Since |print| has a variable number of arguments, the macro |rule_error|
does not incorporate them but just prepends |print| to the argument list;
the replacement text of |rule_error| can therefore not be parenthesised, and
the macro should be used with some care. Note however that a call to
|rule_error| (with argument list) can safely by used as the then-branch of an
|if|-statement.
@d rule_error install_failed=true,print
/* report a problematic syntax rule */
@ A global variable |rule_mask| is set at startup time according to the
relevant option flags; any rules~|r| for which |rule_mask & r->mask!=0| are
suppressed. For each set of mutually exclusive settings, a number of bits in
|rule_mask| is reserved equal to the size of the set; the current setting
will have its corresponding bit set while the others are cleared. Therefore
the bits set in |r->mask| specify the option settings for which the rule is
disabled, and the default state |r->rule==0| means that the rule always
applies, regardless of any optional settings.

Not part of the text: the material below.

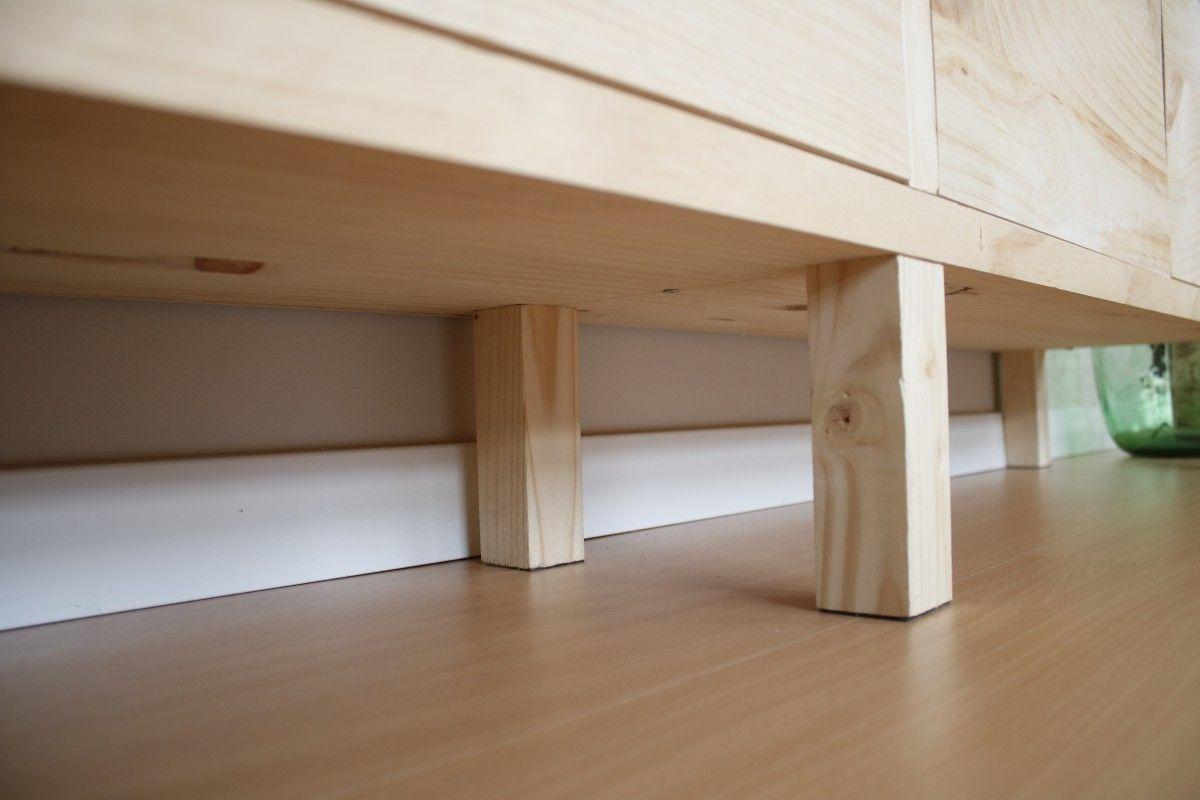 Una vez más, como no encontraba patas adecuadas, he hecho las mías propias. Compré un listón de madera de sección cuadrada de 4 cm de grosor y las corté con la ingletadora a la altura suficiente para que el robot pueda limpiar.Para unirlas a la parte inferior del mueble usé tornillos de doble rosca como los de la imagen. Como el mueble va a soportar peso y es bastante alargado, me preocupaba que combara en la parte central por lo que usé 6 patas para que la carga esté bien distribuida.

@< Global... @>= sixteen_bits rule_mask;
@ The function |install_rule| enters a rule into the trie structure, and if
|DEBUG| is defined, performs some sanity checks on the rule.
@< Prototypes @>=
void install_rule (reduction* rule);
@~The length of rules can be found because category~0 is not used for scraps.
@c
void install_rule(reduction *rule)
{ if ((rule_mask & rule->mask)==0)
{ eight_bits* p=rule->lhs.category, i=0;
while (i<max_lhs_length && p[i]!=0) ++i;
rule->lhs.length=i;
#ifdef DEBUG
@< Check left-hand side of |rule| @>
@< Check right-hand side of |rule| @>
#endif
@< Install |rule| in the trie structure @>
@< Compute |rule->displacement|, and if context is specified modify
|rule->lhs.length| and |rule->context| @>
}
}
@ The left-hand side should not be only context, and all categories should
be legal ones.
@< Check left... @>=
{ if (rule->lhs.length<=abs(rule->lhs.context))

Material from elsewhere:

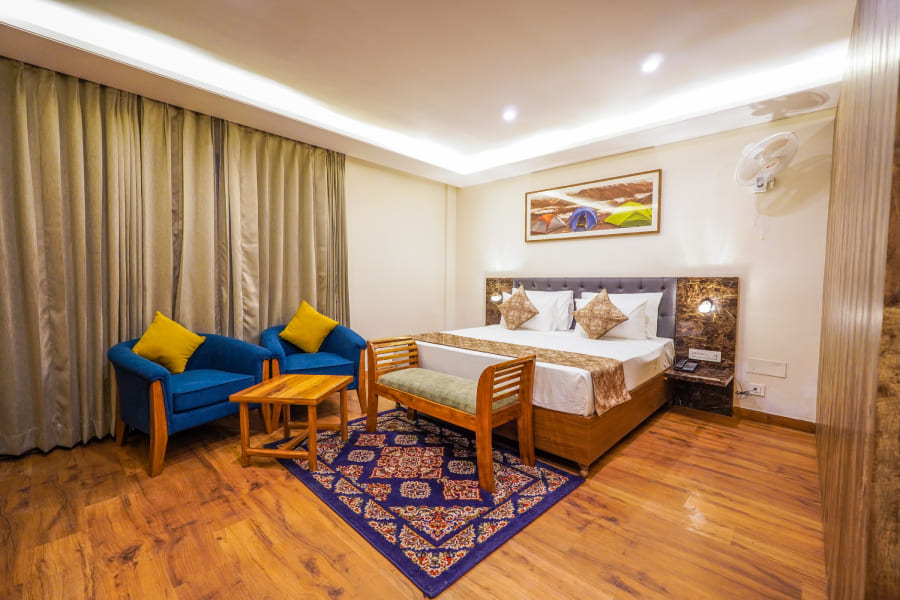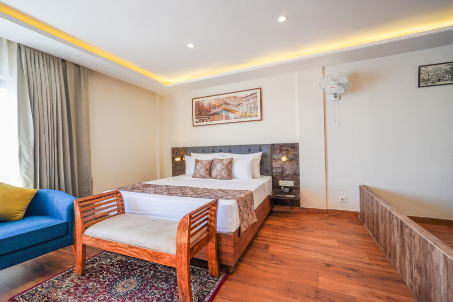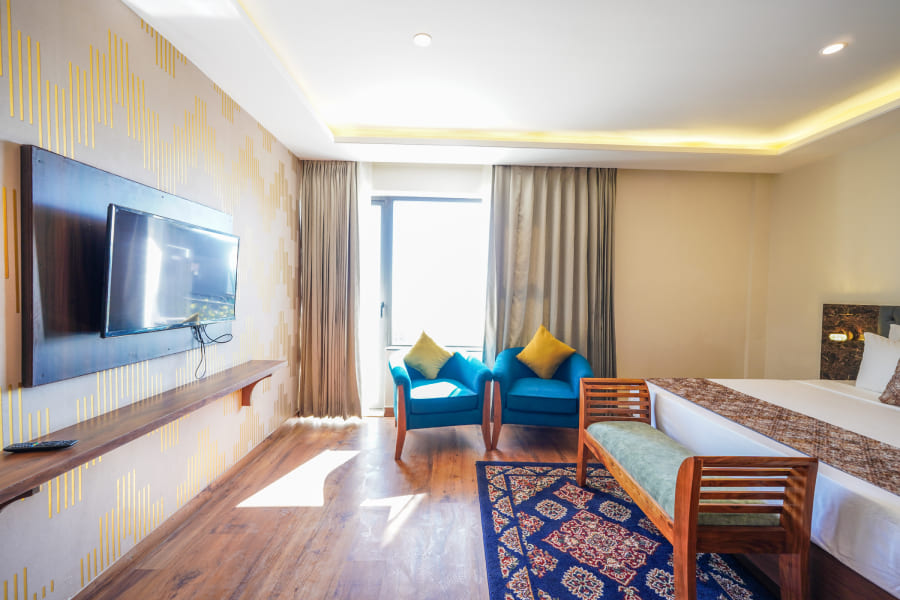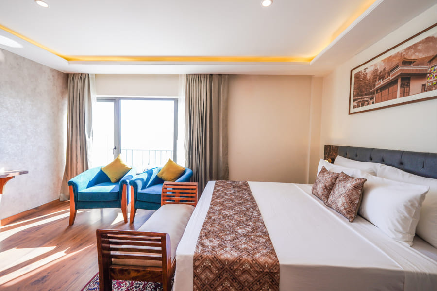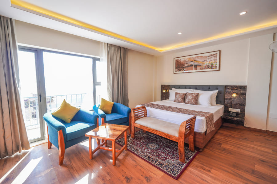 The Executive Suite Room at Carom The Castle Resort, Fagu, Shimla, redefines luxury with its spacious layout, elegant design, and panoramic views of the majestic Himalayas. Thoughtfully crafted for ultimate comfort, the suite features a separate living area, tasteful wooden interiors, and large windows that invite the beauty of nature indoors. The serene ambiance makes it an ideal choice for guests seeking privacy and relaxation in a refined mountain setting.

rule_error("\nNo scraps to replace in rule %d.\n", rule->id);
@.No scraps to replace...@>
for(i=0; i<rule->lhs.length; ++i)
if (!valid_cat(p[i]))
rule_error("\nUnknown category %d in LHS of rule %d.\n", p[i], rule->id);
@.Unknown category...@>
}
@ The right-hand side should have a valid category, and unless its
translation is |NULL| (or |""| which we treat as if it were |NULL|), it
should contain as many times |'_'| as there are non-context categories in
the left-hand side.
@< Check right... @>=
{ int c=rule->rhs.category; char* s=rule->rhs.translation;
if (!valid_cat(c))
rule_error("\nUnknown category %d in RHS of rule %d.\n", c, rule->id);
@.Unknown category...@>
if (s!=NULL)
{ if (*s=='\0') s=rule->rhs.translation=NULL; /* replace empty string */
else
{ i=0;
do
if (*s!='p') i+= *s++=='_'; /* count underscores */
else if (++s,isdigit((eight_bits)*s)) ++s; /* skip digit and advance */
else rule_error("\nDigit should follow 'p' in format of rule %d.\n"
@.Digit should follow 'p'...@> , rule->id);
while (*s!='\0');
if (i!=rule->lhs.length-abs(rule->lhs.context))

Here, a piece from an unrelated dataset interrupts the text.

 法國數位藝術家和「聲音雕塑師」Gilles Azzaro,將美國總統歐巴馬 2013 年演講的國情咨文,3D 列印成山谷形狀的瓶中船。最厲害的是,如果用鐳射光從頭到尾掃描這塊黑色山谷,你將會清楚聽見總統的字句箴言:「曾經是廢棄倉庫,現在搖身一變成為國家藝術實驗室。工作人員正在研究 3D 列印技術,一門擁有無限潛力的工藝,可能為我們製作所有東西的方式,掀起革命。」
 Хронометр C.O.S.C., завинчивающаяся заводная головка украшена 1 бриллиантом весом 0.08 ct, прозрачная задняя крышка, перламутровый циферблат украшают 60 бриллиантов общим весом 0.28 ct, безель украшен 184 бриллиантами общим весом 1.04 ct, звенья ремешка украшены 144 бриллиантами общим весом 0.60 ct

rule_error("\nCount of '_' not equal to length LHS in rule %d.\n"
@.Count of '\_' ...@> , rule->id);
}
}
}
@ Since trie nodes are not represented sparsely, insertion is easy. Just
before moving to a successor node we make sure it exists, by adding one to the
trie if necessary. It does not matter if the final nodes already existed, but
there should not already be a rule attached to it, which would mean that a
previous rule has an identical left hand side (here context is taken into
account to determine equality).
@<Install |rule|...@>=
{ trie_node* q=trie_root;
for (i=0; i<rule->lhs.length; ++i)
{ if (no_successor(q,p[i])) set_successor(q,p[i],get_new_trie_node());
q=successor(q,p[i]);
}
#ifdef DEBUG
if (q->rule!=NULL)
rule_error("\nIdentical left-hand sides in rules %d and %d.\n"
@.Identical left-hand sides...@> , q->rule->id, rule->id);
#endif
q->rule=rule;
}
@ We compute |displacement| conservatively, based on local considerations;
alternatively we might also consider the whole set of rules to find larger
(less negative) values that would make parsing go a bit faster. A rule can
have a left hand side of length |max_lhs_length|. This means that it is safe
to move |pp| so that it will afterwards be |max_lhs_length-1| positions to the
left of the first scrap that may have obtained a new category. That scrap is
the one corresponding to first non-context category in the left hand side of
the rule, unless that category is the same as the category of the right hand
side, in which case it is the next scrap (this is for reduction rules whose
effect on the category sequence is the ``absorption'' of some categories
further to the right; then the mentioned next scrap did not participate in the
reduction and we cannot predict its category (unless there was right context,
but we do not attempt to push that exceptional case any further)).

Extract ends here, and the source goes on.